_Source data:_
*** Begin section ***
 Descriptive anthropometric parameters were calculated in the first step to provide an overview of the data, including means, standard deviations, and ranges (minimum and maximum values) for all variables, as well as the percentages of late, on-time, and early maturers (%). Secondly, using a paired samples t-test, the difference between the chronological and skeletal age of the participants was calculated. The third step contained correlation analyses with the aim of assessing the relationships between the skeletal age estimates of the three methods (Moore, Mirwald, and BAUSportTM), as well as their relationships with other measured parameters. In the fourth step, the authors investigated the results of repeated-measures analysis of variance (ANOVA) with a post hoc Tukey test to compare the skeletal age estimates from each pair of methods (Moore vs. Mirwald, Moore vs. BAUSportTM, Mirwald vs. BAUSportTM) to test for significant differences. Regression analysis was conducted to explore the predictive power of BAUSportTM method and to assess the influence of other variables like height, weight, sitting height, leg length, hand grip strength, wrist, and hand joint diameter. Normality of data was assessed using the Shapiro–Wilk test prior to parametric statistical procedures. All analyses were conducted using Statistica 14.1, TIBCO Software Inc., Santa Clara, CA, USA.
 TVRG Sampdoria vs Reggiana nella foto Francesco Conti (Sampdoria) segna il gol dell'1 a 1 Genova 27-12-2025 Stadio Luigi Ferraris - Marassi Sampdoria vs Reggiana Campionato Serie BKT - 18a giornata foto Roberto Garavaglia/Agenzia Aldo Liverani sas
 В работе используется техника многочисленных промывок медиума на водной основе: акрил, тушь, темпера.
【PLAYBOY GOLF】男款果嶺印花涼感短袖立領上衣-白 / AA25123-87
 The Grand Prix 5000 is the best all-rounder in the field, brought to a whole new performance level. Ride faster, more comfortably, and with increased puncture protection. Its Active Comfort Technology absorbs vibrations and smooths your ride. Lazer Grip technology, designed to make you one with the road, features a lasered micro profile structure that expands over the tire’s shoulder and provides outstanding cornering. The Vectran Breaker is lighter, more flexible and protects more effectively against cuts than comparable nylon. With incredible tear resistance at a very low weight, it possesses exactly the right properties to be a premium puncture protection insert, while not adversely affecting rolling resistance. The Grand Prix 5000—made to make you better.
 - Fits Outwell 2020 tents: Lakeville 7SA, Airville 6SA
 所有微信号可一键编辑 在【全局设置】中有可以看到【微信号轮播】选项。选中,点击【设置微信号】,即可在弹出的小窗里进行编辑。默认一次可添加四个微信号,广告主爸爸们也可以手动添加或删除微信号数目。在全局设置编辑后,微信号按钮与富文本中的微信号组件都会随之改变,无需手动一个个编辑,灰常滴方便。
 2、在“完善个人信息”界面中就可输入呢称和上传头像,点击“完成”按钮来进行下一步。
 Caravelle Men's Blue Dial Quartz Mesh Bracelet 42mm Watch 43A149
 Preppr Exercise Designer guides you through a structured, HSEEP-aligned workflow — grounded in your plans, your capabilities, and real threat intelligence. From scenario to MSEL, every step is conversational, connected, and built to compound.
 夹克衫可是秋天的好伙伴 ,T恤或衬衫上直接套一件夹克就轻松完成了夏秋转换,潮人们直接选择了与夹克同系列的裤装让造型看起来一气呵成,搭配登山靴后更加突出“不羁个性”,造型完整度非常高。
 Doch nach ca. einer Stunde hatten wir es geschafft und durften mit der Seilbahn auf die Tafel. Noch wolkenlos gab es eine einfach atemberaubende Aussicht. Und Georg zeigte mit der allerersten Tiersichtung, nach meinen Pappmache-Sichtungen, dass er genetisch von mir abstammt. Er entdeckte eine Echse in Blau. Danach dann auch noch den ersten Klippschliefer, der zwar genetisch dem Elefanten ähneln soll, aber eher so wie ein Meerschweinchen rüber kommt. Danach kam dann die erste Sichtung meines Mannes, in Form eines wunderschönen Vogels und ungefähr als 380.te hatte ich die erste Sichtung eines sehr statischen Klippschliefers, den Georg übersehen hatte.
*** End section ***
_Your assignment:_
The complete data above is to be written out again as it stands.

_Answer space:_
 Descriptive anthropometric parameters were calculated in the first step to provide an overview of the data, including means, standard deviations, and ranges (minimum and maximum values) for all variables, as well as the percentages of late, on-time, and early maturers (%). Secondly, using a paired samples t-test, the difference between the chronological and skeletal age of the participants was calculated. The third step contained correlation analyses with the aim of assessing the relationships between the skeletal age estimates of the three methods (Moore, Mirwald, and BAUSportTM), as well as their relationships with other measured parameters. In the fourth step, the authors investigated the results of repeated-measures analysis of variance (ANOVA) with a post hoc Tukey test to compare the skeletal age estimates from each pair of methods (Moore vs. Mirwald, Moore vs. BAUSportTM, Mirwald vs. BAUSportTM) to test for significant differences. Regression analysis was conducted to explore the predictive power of BAUSportTM method and to assess the influence of other variables like height, weight, sitting height, leg length, hand grip strength, wrist, and hand joint diameter. Normality of data was assessed using the Shapiro–Wilk test prior to parametric statistical procedures. All analyses were conducted using Statistica 14.1, TIBCO Software Inc., Santa Clara, CA, USA.
 TVRG Sampdoria vs Reggiana nella foto Francesco Conti (Sampdoria) segna il gol dell'1 a 1 Genova 27-12-2025 Stadio Luigi Ferraris - Marassi Sampdoria vs Reggiana Campionato Serie BKT - 18a giornata foto Roberto Garavaglia/Agenzia Aldo Liverani sas
 В работе используется техника многочисленных промывок медиума на водной основе: акрил, тушь, темпера.
【PLAYBOY GOLF】男款果嶺印花涼感短袖立領上衣-白 / AA25123-87
 The Grand Prix 5000 is the best all-rounder in the field, brought to a whole new performance level. Ride faster, more comfortably, and with increased puncture protection. Its Active Comfort Technology absorbs vibrations and smooths your ride. Lazer Grip technology, designed to make you one with the road, features a lasered micro profile structure that expands over the tire’s shoulder and provides outstanding cornering. The Vectran Breaker is lighter, more flexible and protects more effectively against cuts than comparable nylon. With incredible tear resistance at a very low weight, it possesses exactly the right properties to be a premium puncture protection insert, while not adversely affecting rolling resistance. The Grand Prix 5000—made to make you better.
 - Fits Outwell 2020 tents: Lakeville 7SA, Airville 6SA
 所有微信号可一键编辑 在【全局设置】中有可以看到【微信号轮播】选项。选中,点击【设置微信号】,即可在弹出的小窗里进行编辑。默认一次可添加四个微信号,广告主爸爸们也可以手动添加或删除微信号数目。在全局设置编辑后,微信号按钮与富文本中的微信号组件都会随之改变,无需手动一个个编辑,灰常滴方便。
 2、在“完善个人信息”界面中就可输入呢称和上传头像,点击“完成”按钮来进行下一步。
 Caravelle Men's Blue Dial Quartz Mesh Bracelet 42mm Watch 43A149
 Preppr Exercise Designer guides you through a structured, HSEEP-aligned workflow — grounded in your plans, your capabilities, and real threat intelligence. From scenario to MSEL, every step is conversational, connected, and built to compound.
 夹克衫可是秋天的好伙伴 ,T恤或衬衫上直接套一件夹克就轻松完成了夏秋转换,潮人们直接选择了与夹克同系列的裤装让造型看起来一气呵成,搭配登山靴后更加突出“不羁个性”,造型完整度非常高。
 Doch nach ca. einer Stunde hatten wir es geschafft und durften mit der Seilbahn auf die Tafel. Noch wolkenlos gab es eine einfach atemberaubende Aussicht. Und Georg zeigte mit der allerersten Tiersichtung, nach meinen Pappmache-Sichtungen, dass er genetisch von mir abstammt. Er entdeckte eine Echse in Blau. Danach dann auch noch den ersten Klippschliefer, der zwar genetisch dem Elefanten ähneln soll, aber eher so wie ein Meerschweinchen rüber kommt. Danach kam dann die erste Sichtung meines Mannes, in Form eines wunderschönen Vogels und ungefähr als 380.te hatte ich die erste Sichtung eines sehr statischen Klippschliefers, den Georg übersehen hatte.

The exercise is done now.